Search for liveable worlds
When Seager obtained her PhD from Harvard in 1994, just one exoplanet had been found. The second — orbiting a Sun-like star — was found in 1995.
Now, greater than 6,000 exoplanets have been confirmed.
But to date, no Earth-like exoplanet has been found. That’s as a result of they’re tough to detect, being comparatively small and invisible to telescopes as they’d be washed out by the sunshine of their star.
This mission would contain a novel spacecraft with a shade to dam out a star’s gentle, probably making it simpler to detect an Earth-like planet.
For now the mission has been shelved, Seager mentioned, however solely briefly.
U.S. cuts an ‘alternative’ for Canada: CITA
Basu mentioned he had lengthy wished to recruit Sara at CITA.
“We always had this idea she might be, in the far distant future, somebody we might be able to attract and bring back to Canada,” he mentioned.
“[We thought] hey, this could be an opportunity for Canada and Canadian science and research in general,” Basu mentioned.

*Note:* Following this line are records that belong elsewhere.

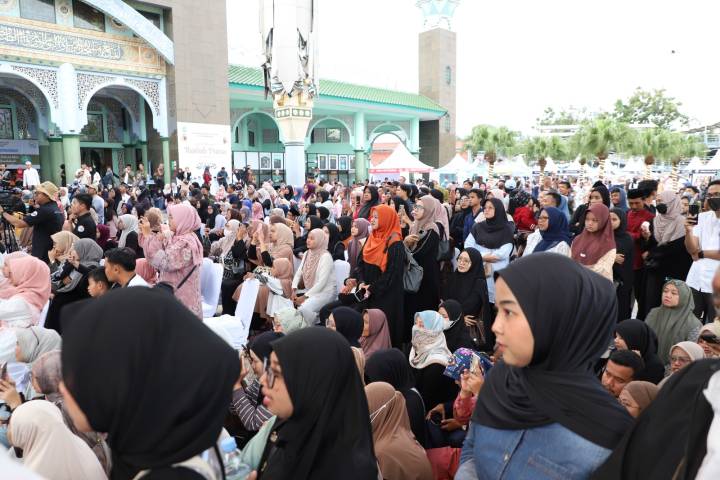 Sejak sore, ribuan warga tampak memadati kawasan Masjid Raya Al-A’zhom. Selain berburu kuliner dan menikmati suasana festival, pengunjung juga menantikan salah satu agenda paling dinanti, yakni penampilan hiburan dari penyanyi religi Alma Esbeye menjelang waktu berbuka puasa.
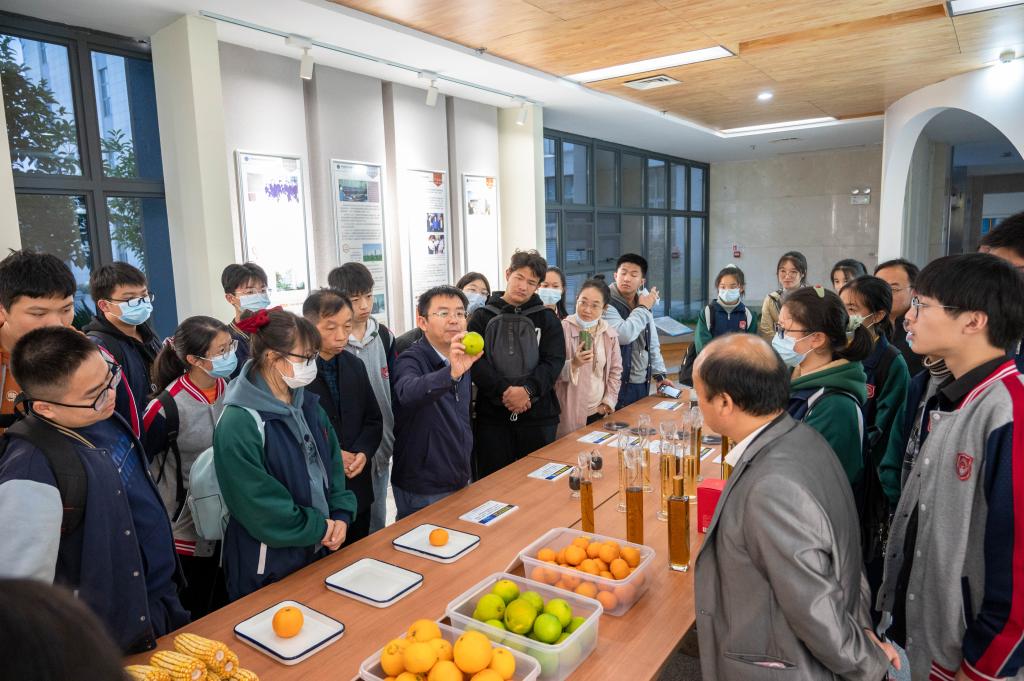 在介绍科技成果转化的实物展台,严校长拿起一枚伦晚脐橙对师生们谈到:“别看这一个小小的橙子,里面孕育着几代科研人的智慧结晶,正是我们前辈的不懈努力,才让我们一年四季都有橙子吃。”严校长鼓励大家立志投身农业研究,他指出,“农业科技也是重大科技,有很多值得大家探索研究的地方。大家要找准目标方向,做好定位,努力做行业的领军者。”参观结束后,严校长将作物遗传改良重点实验室成立二十周年纪事《激扬与追求》一书赠予崇阳一中学子们,“大家要多读书,不断提升人文素养,让自己变得有思想、有品位、有内涵。”
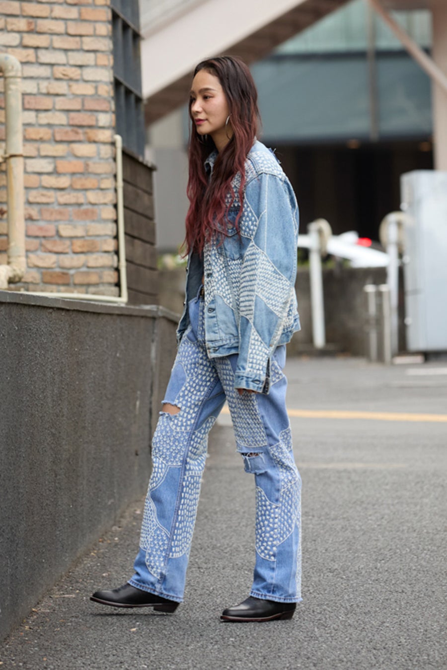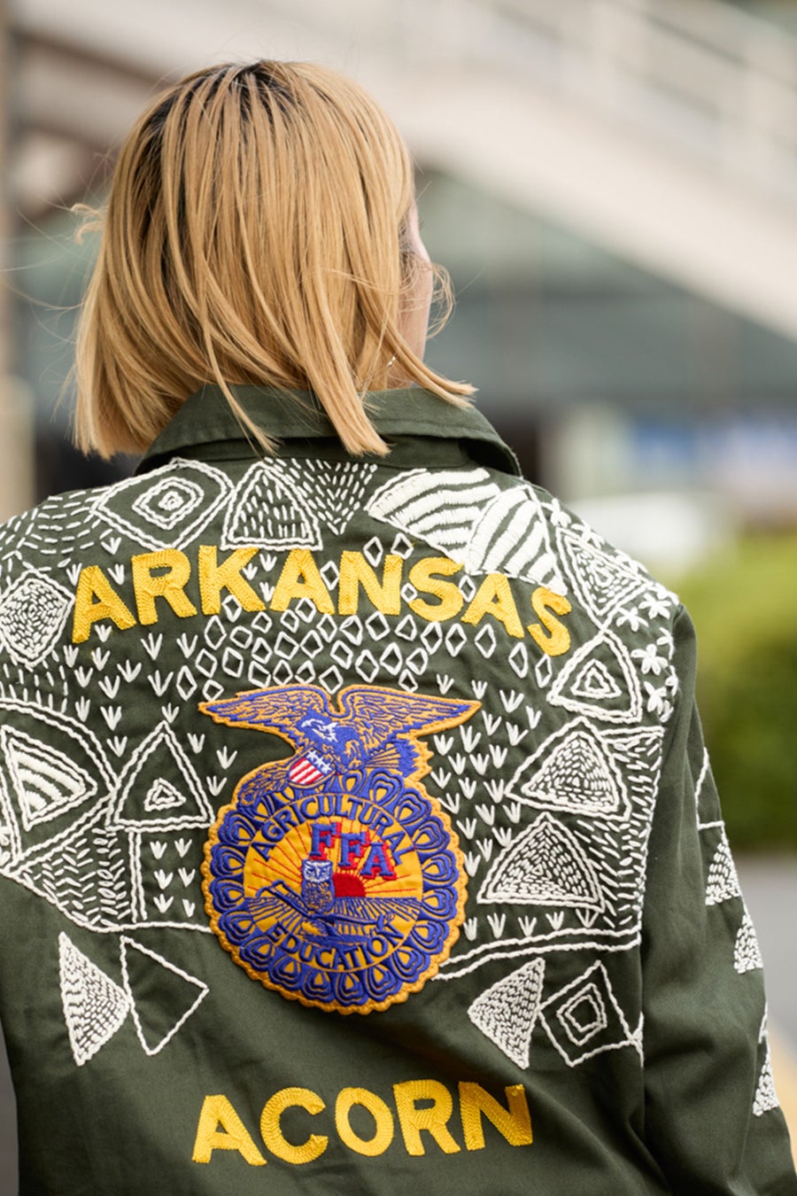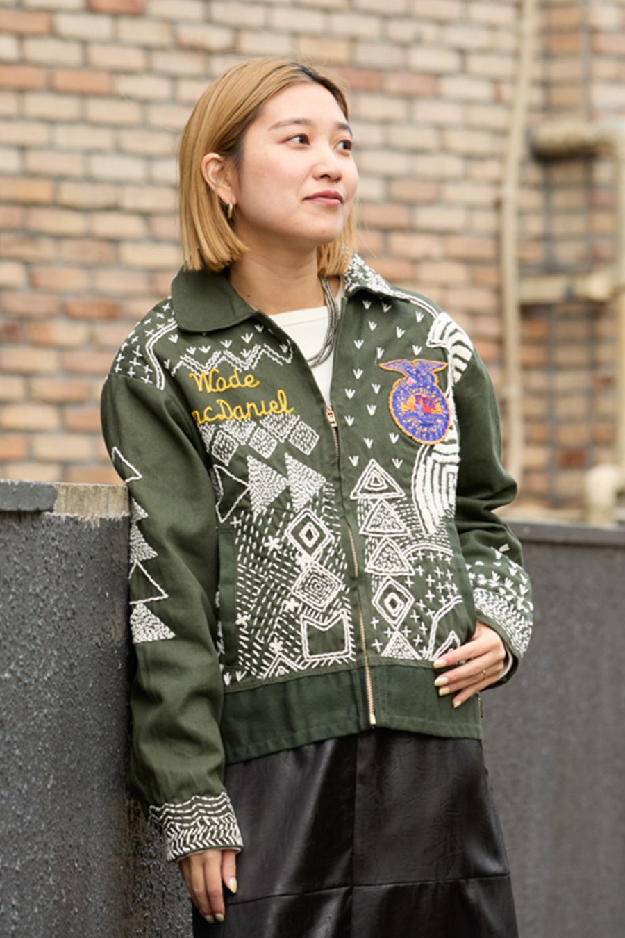 もともと施されていた刺繍やワッペンと、新たに加えたハンドステッチが交差する表情も見どころです。 ややコンパクトなサイズ感は今の気分にフィットし、ワイドパンツやワンピースとのスタイリングとも好相性。

“So, there was this idea that OK, maybe this is a good time to seek out people in the United States that we’ve always thought we might want to attract … [and] she is one of the most famous Canadian scientists who also happens to work abroad.”
CITA does not but have a concentrate on exoplanet analysis, Basu mentioned, which is why Seager’s arrival is so thrilling.
“Our mission is to attract cutting-edge science and push the frontiers. And so, Sarah, that is the definition of what she does,” Basu mentioned.
“She’s been at the forefront of making predictions about what you would observe in exoplanetary systems and atmospheres.”
Seager’s analysis is not nearly exoplanets. It’s about discovering the precise substances for all times, so there’s additionally lab work concerned.
“[You’re] definitely going to be seeing more exoplanets in Toronto. Let’s just say that,” Seager mentioned of her experiments.
Basu mentioned her interdisciplinary method — “connecting exoplanetary science with organic chemistry and aerosols engineering” — is “very compelling.”
“And that really is also part of CITA’s mission: to do theoretical astrophysics in a way that can make contact with other areas of astronomy and even beyond,” he added.
For now, Seager is busy getting ready to return to the very college whose campus she walked by means of on her strategy to highschool.
“When you’re thinking about a change in life, what better change is there than to go home?” she mentioned.